__TASK REQUIREMENTS__. Begin at the line below that has "但是现在每个词中还不包括和其". Stop after the line that has "O Gráfico 1", repeating each line exactly and leaving out the pictures.

__DATA TO PROCESS__.
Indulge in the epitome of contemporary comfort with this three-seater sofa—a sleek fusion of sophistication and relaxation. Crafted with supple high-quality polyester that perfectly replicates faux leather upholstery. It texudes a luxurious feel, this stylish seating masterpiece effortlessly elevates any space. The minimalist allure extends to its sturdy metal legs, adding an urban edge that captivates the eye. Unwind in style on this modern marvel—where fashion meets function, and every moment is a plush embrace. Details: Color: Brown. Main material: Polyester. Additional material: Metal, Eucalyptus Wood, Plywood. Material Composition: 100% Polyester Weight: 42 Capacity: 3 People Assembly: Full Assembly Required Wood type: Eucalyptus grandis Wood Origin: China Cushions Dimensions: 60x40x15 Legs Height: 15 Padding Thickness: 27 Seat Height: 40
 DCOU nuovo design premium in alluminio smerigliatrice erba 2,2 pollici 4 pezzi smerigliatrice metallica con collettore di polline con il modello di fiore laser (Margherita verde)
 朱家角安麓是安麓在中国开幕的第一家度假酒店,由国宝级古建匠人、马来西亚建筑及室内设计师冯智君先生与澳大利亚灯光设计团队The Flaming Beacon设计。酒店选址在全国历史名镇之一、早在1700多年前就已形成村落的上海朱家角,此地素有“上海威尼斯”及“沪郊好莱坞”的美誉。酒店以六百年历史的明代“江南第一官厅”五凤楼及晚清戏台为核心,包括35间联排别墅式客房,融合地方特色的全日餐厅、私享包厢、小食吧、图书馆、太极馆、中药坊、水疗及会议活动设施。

...

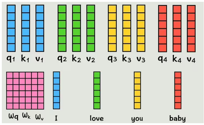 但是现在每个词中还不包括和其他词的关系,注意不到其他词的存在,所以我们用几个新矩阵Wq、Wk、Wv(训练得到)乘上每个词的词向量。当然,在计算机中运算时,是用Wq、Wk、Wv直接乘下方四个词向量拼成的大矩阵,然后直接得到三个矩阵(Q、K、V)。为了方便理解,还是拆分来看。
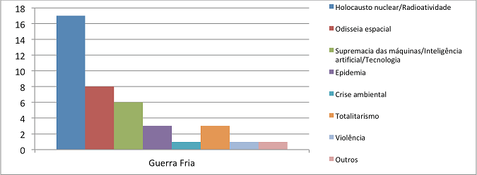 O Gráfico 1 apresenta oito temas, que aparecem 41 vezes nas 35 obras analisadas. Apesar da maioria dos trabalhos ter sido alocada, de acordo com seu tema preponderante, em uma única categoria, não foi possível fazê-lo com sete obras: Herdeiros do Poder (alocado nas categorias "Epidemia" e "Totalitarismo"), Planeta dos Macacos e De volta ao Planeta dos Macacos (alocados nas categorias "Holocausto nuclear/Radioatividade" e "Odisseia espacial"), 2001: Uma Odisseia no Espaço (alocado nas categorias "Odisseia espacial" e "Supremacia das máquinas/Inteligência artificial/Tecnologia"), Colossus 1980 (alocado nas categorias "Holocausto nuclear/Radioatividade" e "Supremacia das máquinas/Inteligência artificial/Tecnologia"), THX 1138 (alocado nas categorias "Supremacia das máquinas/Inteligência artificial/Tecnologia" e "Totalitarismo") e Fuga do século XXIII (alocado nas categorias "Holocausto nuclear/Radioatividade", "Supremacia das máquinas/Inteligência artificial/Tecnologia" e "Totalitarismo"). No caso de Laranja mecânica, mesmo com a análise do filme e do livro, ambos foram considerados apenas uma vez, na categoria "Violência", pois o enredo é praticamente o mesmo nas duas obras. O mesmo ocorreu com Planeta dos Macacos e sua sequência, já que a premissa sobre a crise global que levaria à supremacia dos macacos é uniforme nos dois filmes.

__WRITTEN RESPONSE__.
 但是现在每个词中还不包括和其他词的关系,注意不到其他词的存在,所以我们用几个新矩阵Wq、Wk、Wv(训练得到)乘上每个词的词向量。当然,在计算机中运算时,是用Wq、Wk、Wv直接乘下方四个词向量拼成的大矩阵,然后直接得到三个矩阵(Q、K、V)。为了方便理解,还是拆分来看。
 O Gráfico 1 apresenta oito temas, que aparecem 41 vezes nas 35 obras analisadas. Apesar da maioria dos trabalhos ter sido alocada, de acordo com seu tema preponderante, em uma única categoria, não foi possível fazê-lo com sete obras: Herdeiros do Poder (alocado nas categorias "Epidemia" e "Totalitarismo"), Planeta dos Macacos e De volta ao Planeta dos Macacos (alocados nas categorias "Holocausto nuclear/Radioatividade" e "Odisseia espacial"), 2001: Uma Odisseia no Espaço (alocado nas categorias "Odisseia espacial" e "Supremacia das máquinas/Inteligência artificial/Tecnologia"), Colossus 1980 (alocado nas categorias "Holocausto nuclear/Radioatividade" e "Supremacia das máquinas/Inteligência artificial/Tecnologia"), THX 1138 (alocado nas categorias "Supremacia das máquinas/Inteligência artificial/Tecnologia" e "Totalitarismo") e Fuga do século XXIII (alocado nas categorias "Holocausto nuclear/Radioatividade", "Supremacia das máquinas/Inteligência artificial/Tecnologia" e "Totalitarismo"). No caso de Laranja mecânica, mesmo com a análise do filme e do livro, ambos foram considerados apenas uma vez, na categoria "Violência", pois o enredo é praticamente o mesmo nas duas obras. O mesmo ocorreu com Planeta dos Macacos e sua sequência, já que a premissa sobre a crise global que levaria à supremacia dos macacos é uniforme nos dois filmes.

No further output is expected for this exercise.